OpenCompass/docs/en/prompt/chain_of_thought.md

# Chain of Thought

## Background

During the process of reasoning, CoT (Chain of Thought) method is an efficient way to help LLMs deal complex questions, for example: math problem and relation inference. In OpenCompass, we support multiple types of CoT method.

## 1. Zero Shot CoT

You can change the `PromptTemplate` of the dataset config, by simply add *Let's think step by step* to realize a Zero-Shot CoT prompt for your evaluation:

```python
qa_infer_cfg = dict(
    prompt_template=dict(
        type=PromptTemplate,
        template="Answer the question:\nQ: {question}?\nLet's think step by step:\n"
    ),
    retriever=dict(type=ZeroRetriever)
)
```

## 2. Few Shot CoT

Few-shot CoT can make LLMs easy to follow your instructions and get better answers. For few-shot CoT, add your CoT template to `PromptTemplate` like following config to create a one-shot prompt:

```python
qa_infer_cfg = dict(
    prompt_template=dict(
        type=PromptTemplate,
        template=
'''Question: Mark's basketball team scores 25 2 pointers, 8 3 pointers and 10 free throws.  Their opponents score double the 2 pointers but half the 3 pointers and free throws.  What's the total number of points scored by both teams added together?
Let's think step by step
Answer:
Mark's team scores 25 2 pointers, meaning they scored 25*2= 50 points in 2 pointers.
His team also scores 6 3 pointers, meaning they scored 8*3= 24 points in 3 pointers
They scored 10 free throws, and free throws count as one point so they scored 10*1=10 points in free throws.
All together his team scored 50+24+10= 84 points
Mark's opponents scored double his team's number of 2 pointers, meaning they scored 50*2=100 points in 2 pointers.
His opponents scored half his team's number of 3 pointers, meaning they scored 24/2= 12 points in 3 pointers.
They also scored half Mark's team's points in free throws, meaning they scored 10/2=5 points in free throws.
All together Mark's opponents scored 100+12+5=117 points
The total score for the game is both team's scores added together, so it is 84+117=201 points
The answer is 201

Question: {question}\nLet's think step by step:\n{answer}
'''),
    retriever=dict(type=ZeroRetriever)
)
```

## 3. Self-Consistency

The SC (Self-Consistency) method is proposed in [this paper](https://arxiv.org/abs/2203.11171), which will sample multiple reasoning paths for the question, and make majority voting to the generated answers for LLMs.
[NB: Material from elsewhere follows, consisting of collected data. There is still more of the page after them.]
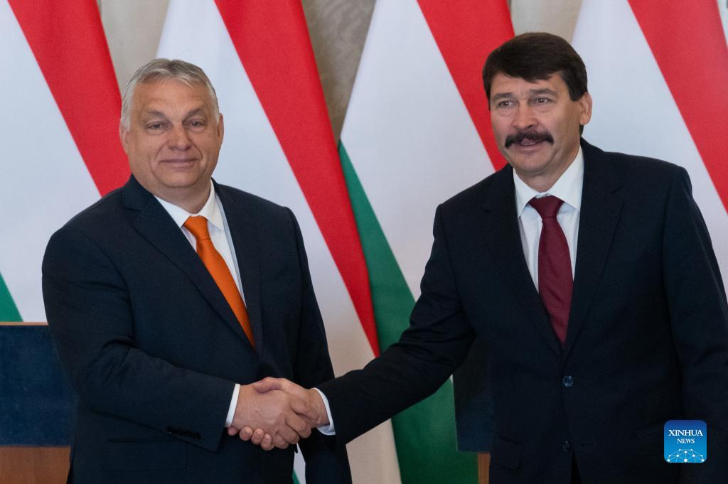 Hungarian President Janos Ader (R) and Prime Minister Viktor Orban shake hands at a press conference in Budapest, Hungary, April 29, 2022. Hungarian President Janos Ader has asked Viktor Orban, the prime ministerial candidate of the Fidesz-KDNP coalition that won the parliamentary election on April 3, to form a new government. Orban accepted Ader's invitation here on Friday morning. Ader and Orban made a short joint press declaration after their meeting in the Sandor Palace. (Photo by Attila Volgyi/Xinhua)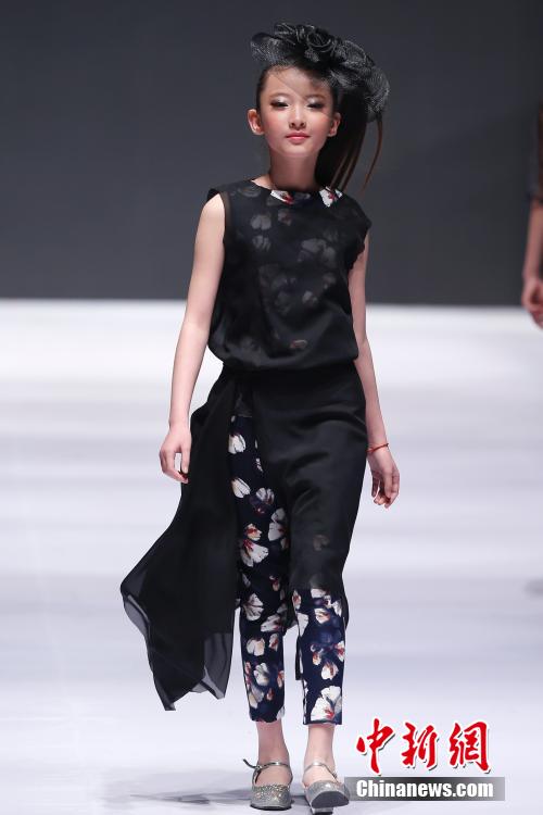 The cute child models present the clothes designed by Gui Long, a well-known fashion design house in Qingdao, east China's Shandong Province on April 26, 2015. At the 2015 Qingdao Fashion Week, Gui Long launched British-style clothing for children. (Chinanews.com/Sheng Jiapeng)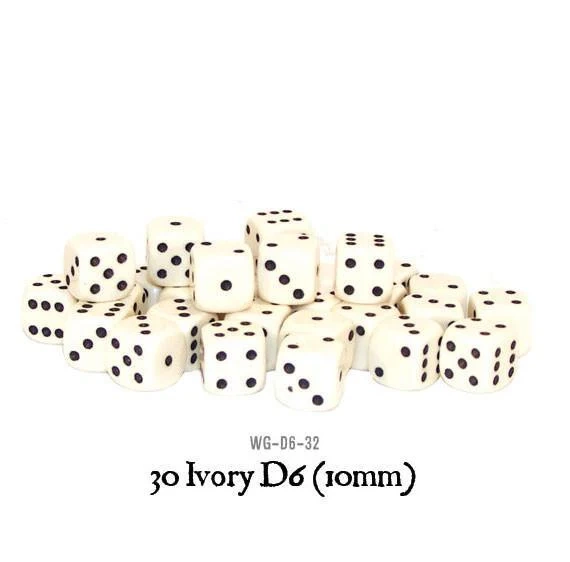 WARLORD - Kostki 30 Ivory D6 (10mm)

This method displays remarkable proficiency among reasoning tasks with high accuracy but may consume more time and resources when inferencing, because of the majority voting strategy. In OpenCompass, You can easily implement the SC method by replacing `GenInferencer` with `SCInferencer` in the dataset configuration and setting the corresponding parameters like:

```python
# This SC gsm8k config can be found at: opencompass.configs.datasets.gsm8k.gsm8k_gen_a3e34a.py
gsm8k_infer_cfg = dict(
    inferencer=dict(
        type=SCInferencer, # Replace GenInferencer with SCInferencer.
        generation_kwargs=dict(do_sample=True, temperature=0.7, top_k=40),  # Set sample parameters to make sure model generate various output, only works for models load from HuggingFace now.
        infer_type='SC',
        sc_size = SAMPLE_SIZE
    )
)
gsm8k_eval_cfg = dict(sc_size=SAMPLE_SIZE)
```

```{note}
OpenCompass defaults to use argmax for sampling the next token. Therefore, if the sampling parameters are not specified, the model's inference results will be completely consistent each time, and multiple rounds of evaluation will be ineffective.
```

Where `SAMPLE_SIZE` is the number of reasoning paths in Self-Consistency, higher value usually outcome higher performance. The following figure from the original SC paper demonstrates the relation between reasoning paths and performance in several reasoning tasks:

![image](https://github.com/InternLM/opencompass/assets/28834990/05c7d850-7076-43ca-b165-e6251f9b3001)

From the figure, it can be seen that in different reasoning tasks, performance tends to improve as the number of reasoning paths increases. However, for some tasks, increasing the number of reasoning paths may reach a limit, and further increasing the number of paths may not bring significant performance improvement. Therefore, it is necessary to conduct experiments and adjustments on specific tasks to find the optimal number of reasoning paths that best suit the task.